ACTIVITY
Starting with the line that includes "Маршмеллоу (12 шт.), белый, молочный", write out every remaining line of the records below exactly as it appears, leaving out any images.

Items from a data source
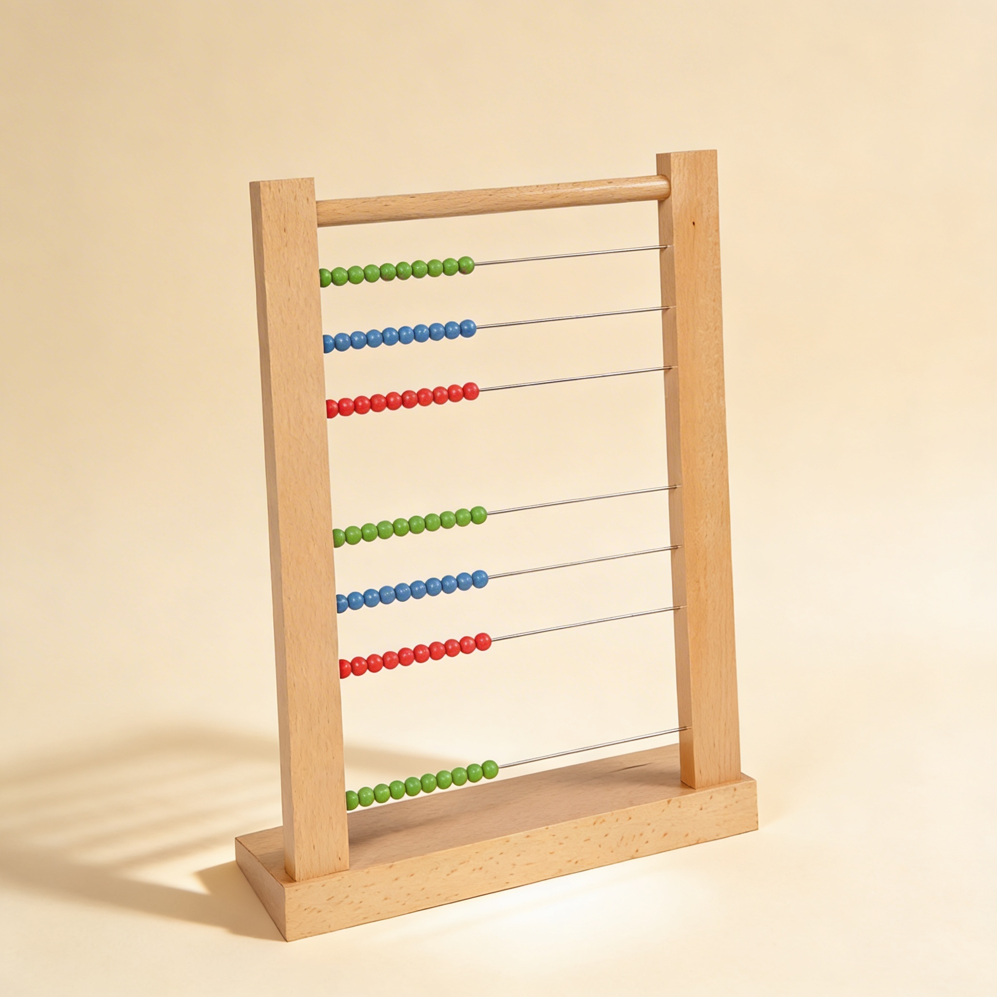 The Large Bead Frame embodies Montessori's principle of materialized abstraction, allowing children to physically manipulate quantities while building understanding of our decimal system. Through color-coded beads representing hierarchical place values, children experience the concrete reality of large numbers before moving to abstraction. This material honors the child's mathematical mind—their natural tendency to order, classify, and quantify their world. The frame's design isolates the difficulty of place value, enabling focused exploration without overwhelming complexity. By sliding beads with their hands, children internalize mathematical relationships through muscular memory and visual perception. This sensorial approach transforms abstract concepts into tangible experiences, following Montessori's observation that the hand is the instrument of the mind, and mathematical understanding develops from concrete to abstract through purposeful manipulation.
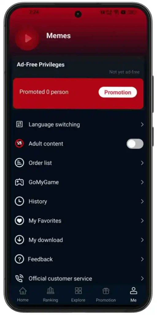 - Parental Control: Memes APK includes parental control features so parents can block adult content or restrict access to certain videos. It helps create a safe environment for children to watch age-appropriate content.
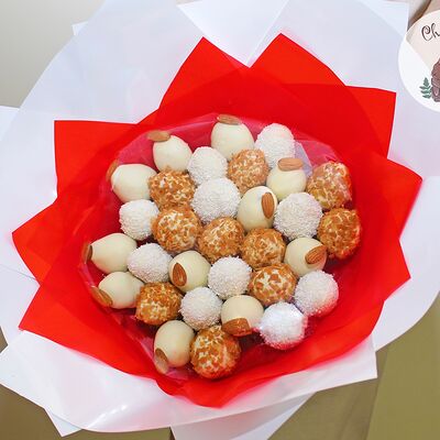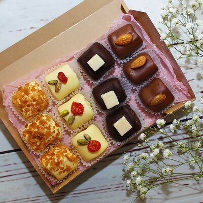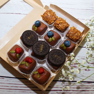 Маршмеллоу (12 шт.), белый, молочный и темный бельгийский шоколад, вафельная крошка, миндаль, вяленая вишня, тыквенные семечки, кубики кокоса
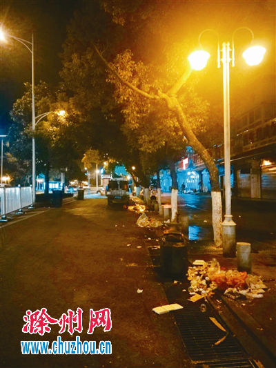 滁州网讯 升级改造后的琅琊路十分美观,成为城市建设的一大亮点,然而有人却给这张名片抹了黑。近日,滁城市民潘先生向本刊反映,琅琊路铜矿转盘东侧有一排大排档,每天夜间营业后,将残羹冷炙随意倒入路边的垃圾桶中,路面上也是污迹斑斑,散发出阵阵难闻的味道,过往市民烦心不已。记者随后前往现场对此事进行了采访。
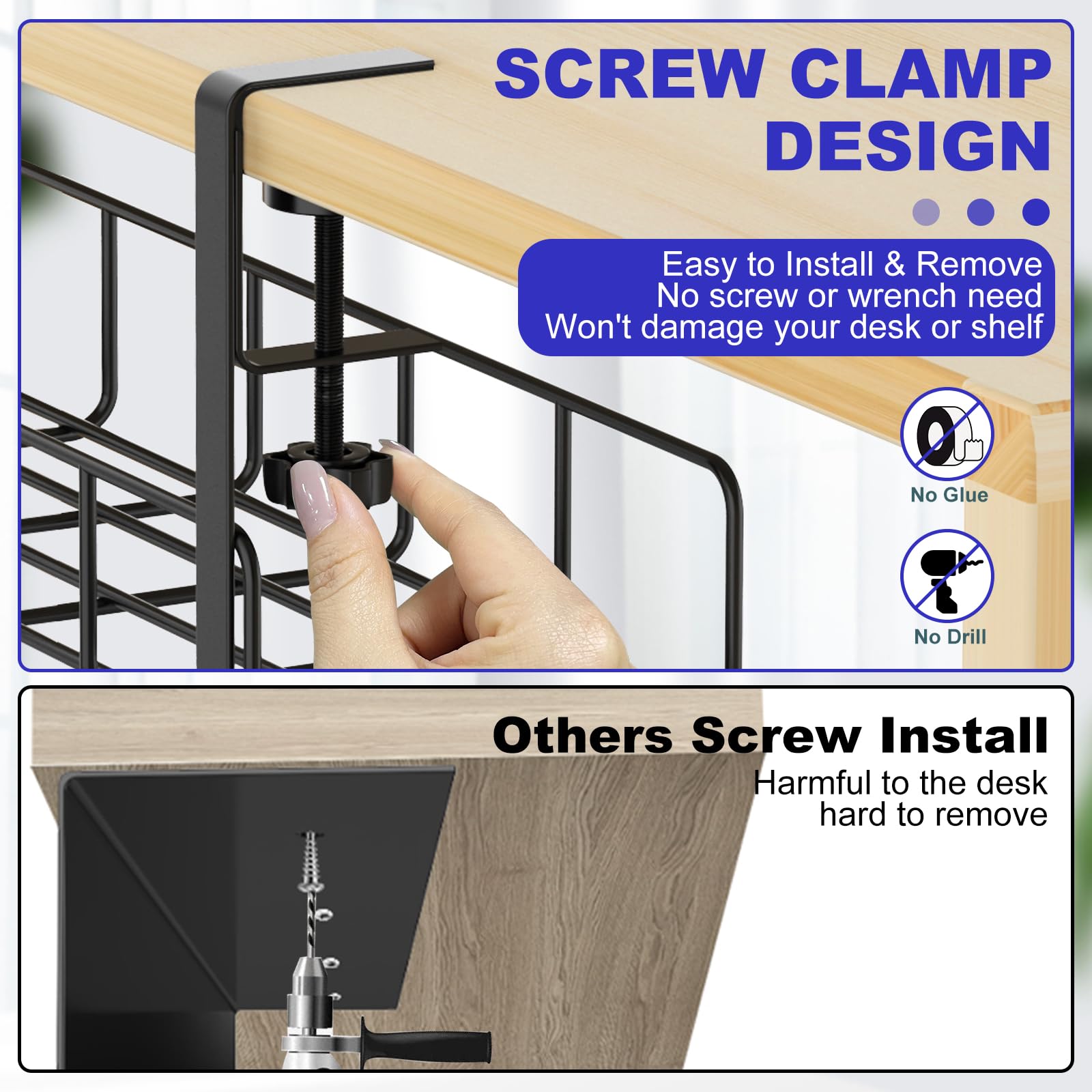 Under Desk Cable Management Tray, 15.7'' No Drill Steel Desk Cable Organizers, Wire Management Tray Cable Management Rack, Desk Cable Tray with Wire Organizer and Desk Cord Organizer
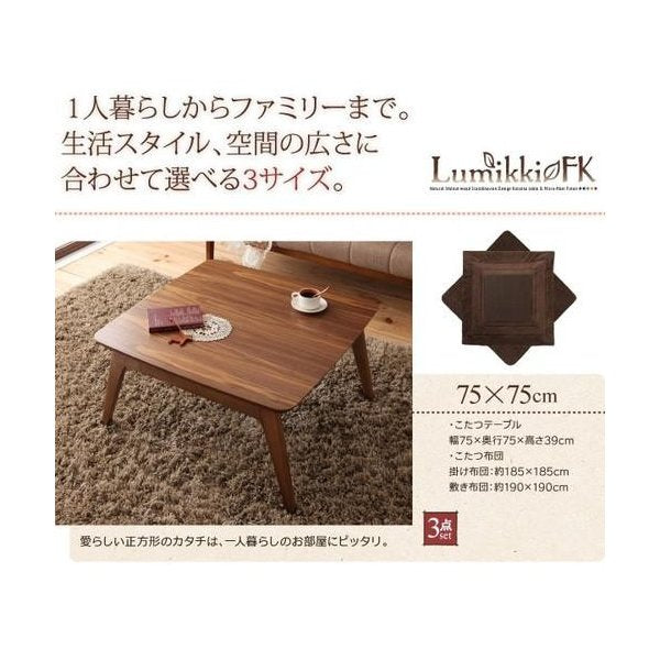 kag-33661 こたつ 本体 ローテーブル センターテーブル おしゃれ ( 正方形 75×75) コンパクト ミニ 小さい 一人用 約 高さ40 ウォールナット 北欧 アンティーク 角丸
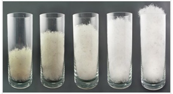 After harvesting down (typically from geese), it is cleaned, dried, and sorted according to quality. The down is blown across several tubes — the down that travels the farthest is the lightest, so it falls in the high-quality tube. The heavy down falls sooner and lands in the lower quality tube.

ANSWER SECTION
 Маршмеллоу (12 шт.), белый, молочный и темный бельгийский шоколад, вафельная крошка, миндаль, вяленая вишня, тыквенные семечки, кубики кокоса
 滁州网讯 升级改造后的琅琊路十分美观,成为城市建设的一大亮点,然而有人却给这张名片抹了黑。近日,滁城市民潘先生向本刊反映,琅琊路铜矿转盘东侧有一排大排档,每天夜间营业后,将残羹冷炙随意倒入路边的垃圾桶中,路面上也是污迹斑斑,散发出阵阵难闻的味道,过往市民烦心不已。记者随后前往现场对此事进行了采访。
 Under Desk Cable Management Tray, 15.7'' No Drill Steel Desk Cable Organizers, Wire Management Tray Cable Management Rack, Desk Cable Tray with Wire Organizer and Desk Cord Organizer
 kag-33661 こたつ 本体 ローテーブル センターテーブル おしゃれ ( 正方形 75×75) コンパクト ミニ 小さい 一人用 約 高さ40 ウォールナット 北欧 アンティーク 角丸
 After harvesting down (typically from geese), it is cleaned, dried, and sorted according to quality. The down is blown across several tubes — the down that travels the farthest is the lightest, so it falls in the high-quality tube. The heavy down falls sooner and lands in the lower quality tube.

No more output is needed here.